**TASK BRIEF**
Because the copy must hold no pictures, return the data below with all of its words intact.

**DATASET CONTENT**
┄┄┄┄┄┄
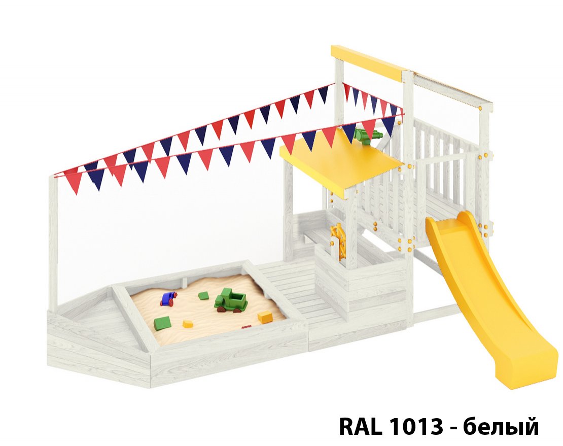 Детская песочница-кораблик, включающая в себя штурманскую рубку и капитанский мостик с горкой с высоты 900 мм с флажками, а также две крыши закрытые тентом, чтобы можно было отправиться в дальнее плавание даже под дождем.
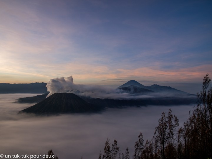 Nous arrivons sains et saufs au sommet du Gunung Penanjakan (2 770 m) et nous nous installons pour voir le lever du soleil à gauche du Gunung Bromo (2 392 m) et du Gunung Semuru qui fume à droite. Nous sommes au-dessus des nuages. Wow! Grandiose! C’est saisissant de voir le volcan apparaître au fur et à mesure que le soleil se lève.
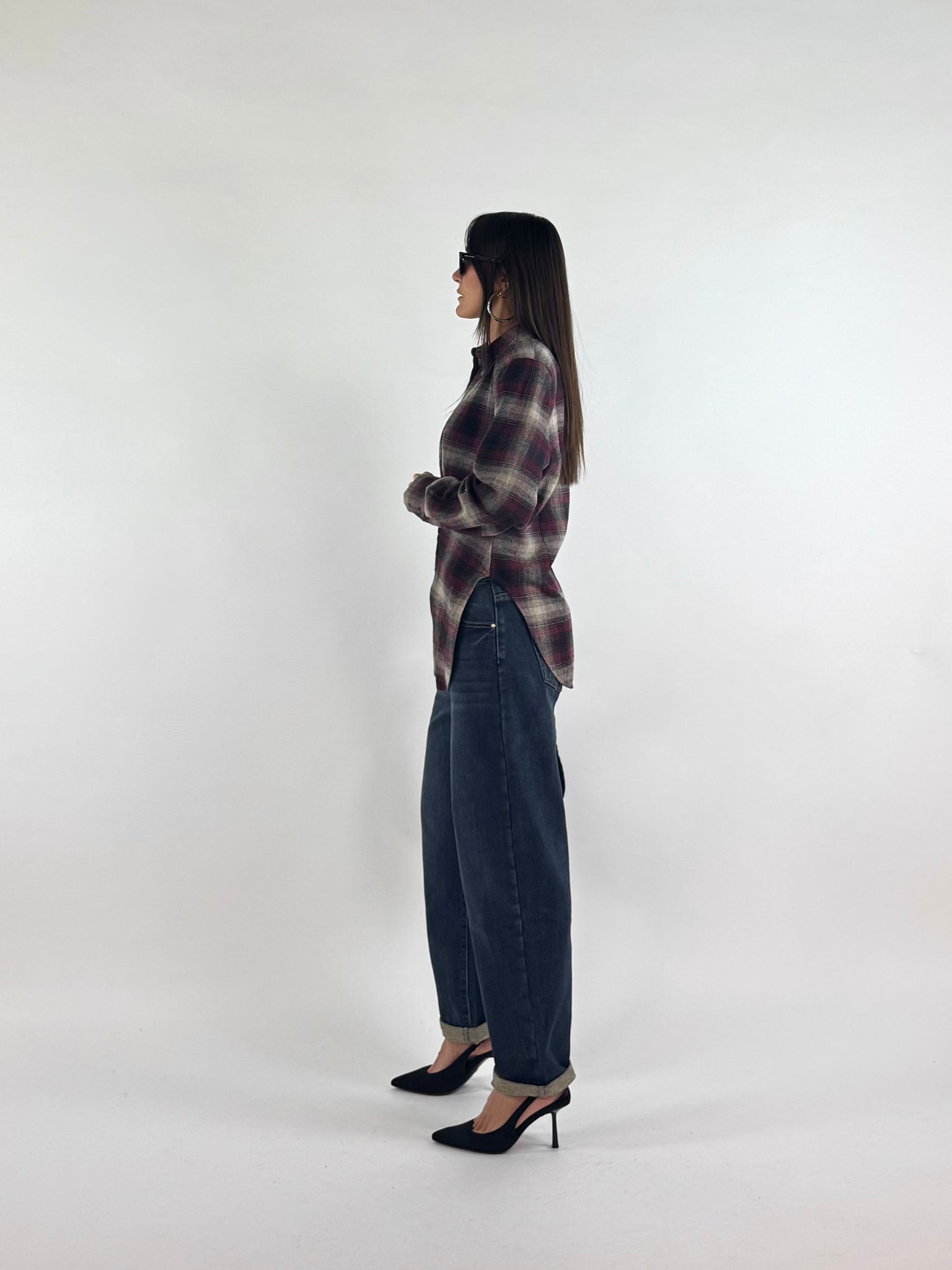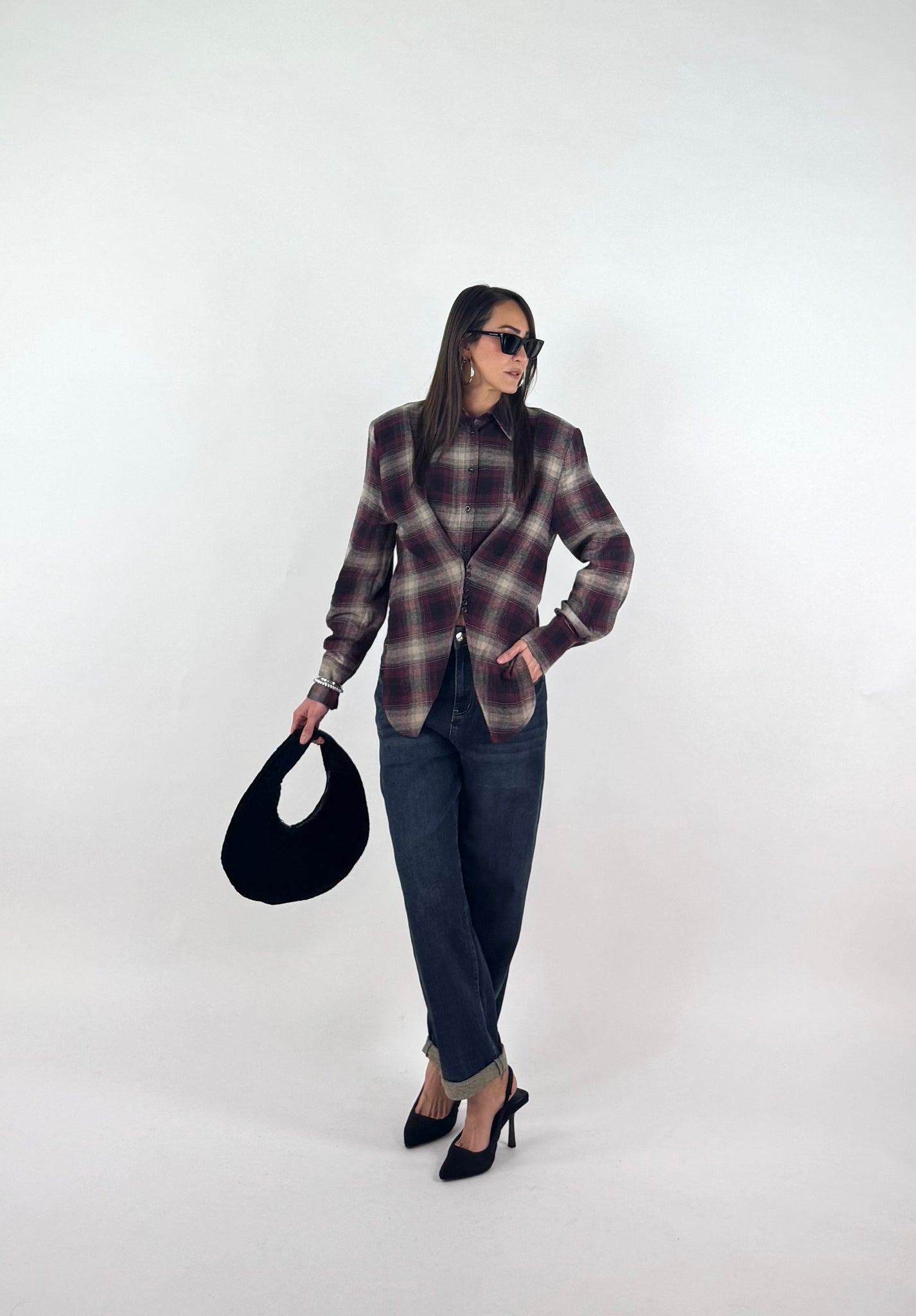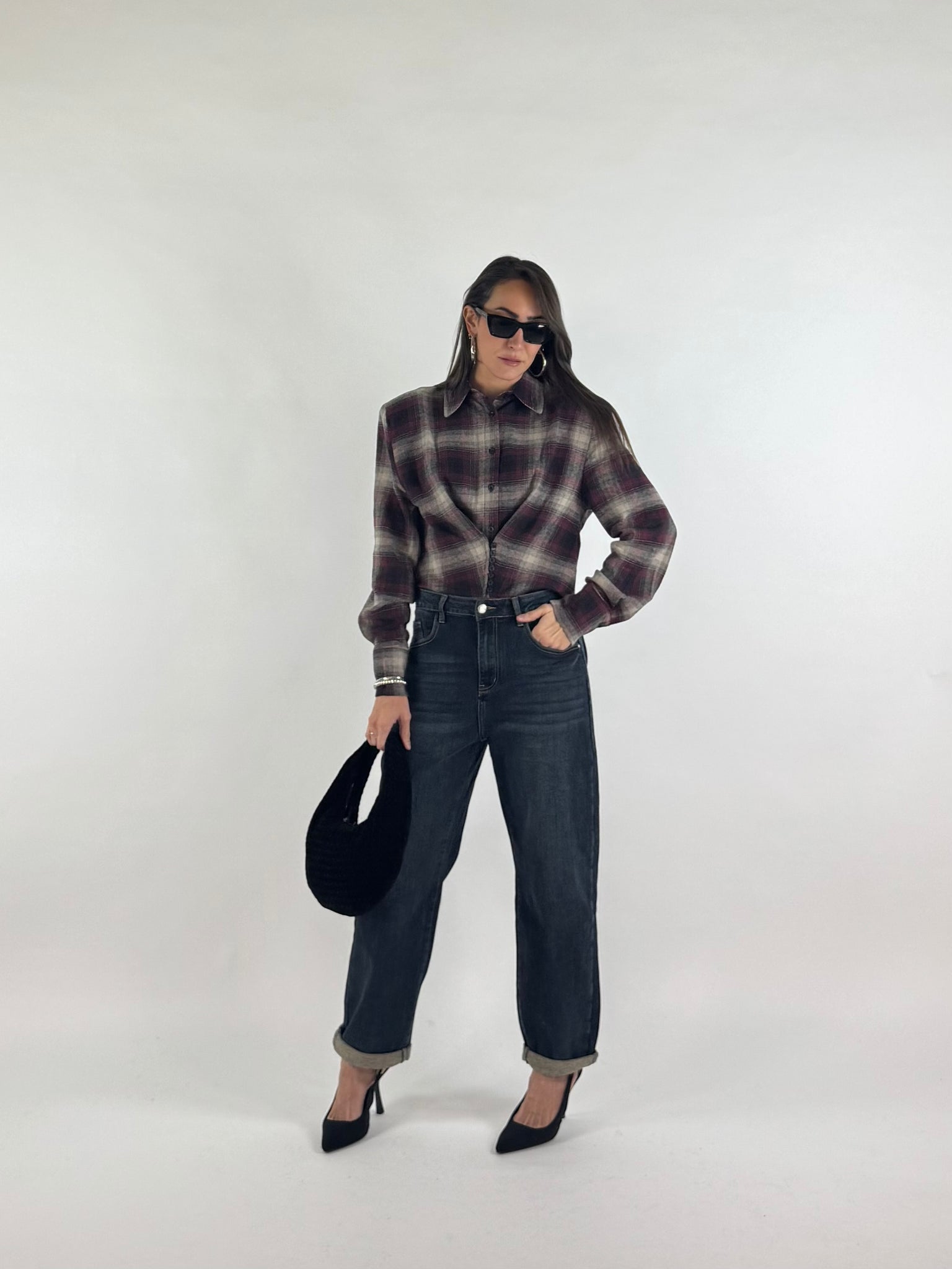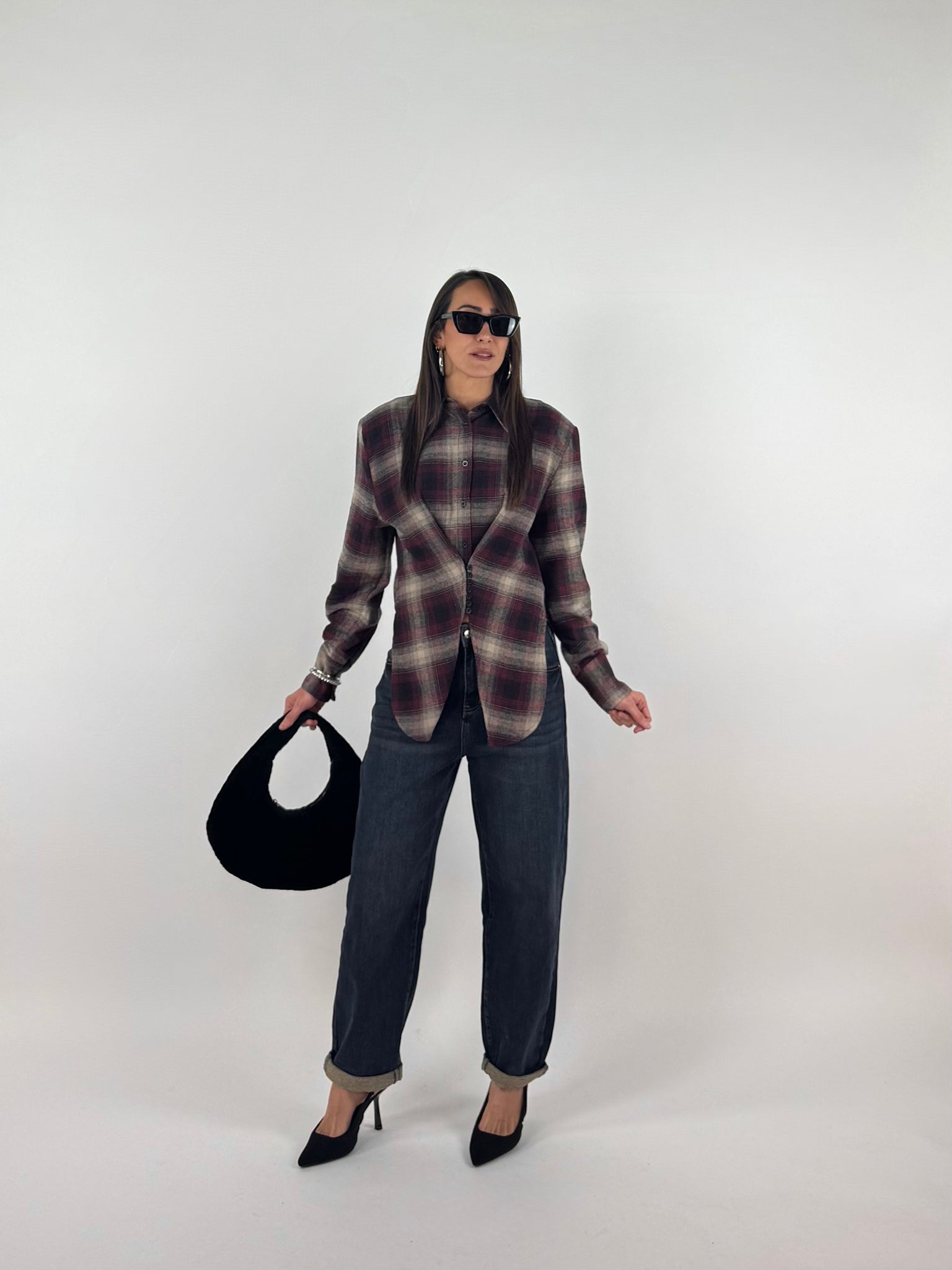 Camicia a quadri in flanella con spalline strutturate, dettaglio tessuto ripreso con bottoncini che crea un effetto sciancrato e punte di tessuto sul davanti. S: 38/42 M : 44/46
┄┄┄┄┄┄
**ANSWER TO THIS TASK**
 Детская песочница-кораблик, включающая в себя штурманскую рубку и капитанский мостик с горкой с высоты 900 мм с флажками, а также две крыши закрытые тентом, чтобы можно было отправиться в дальнее плавание даже под дождем.
 Nous arrivons sains et saufs au sommet du Gunung Penanjakan (2 770 m) et nous nous installons pour voir le lever du soleil à gauche du Gunung Bromo (2 392 m) et du Gunung Semuru qui fume à droite. Nous sommes au-dessus des nuages. Wow! Grandiose! C’est saisissant de voir le volcan apparaître au fur et à mesure que le soleil se lève.
 Camicia a quadri in flanella con spalline strutturate, dettaglio tessuto ripreso con bottoncini che crea un effetto sciancrato e punte di tessuto sul davanti. S: 38/42 M : 44/46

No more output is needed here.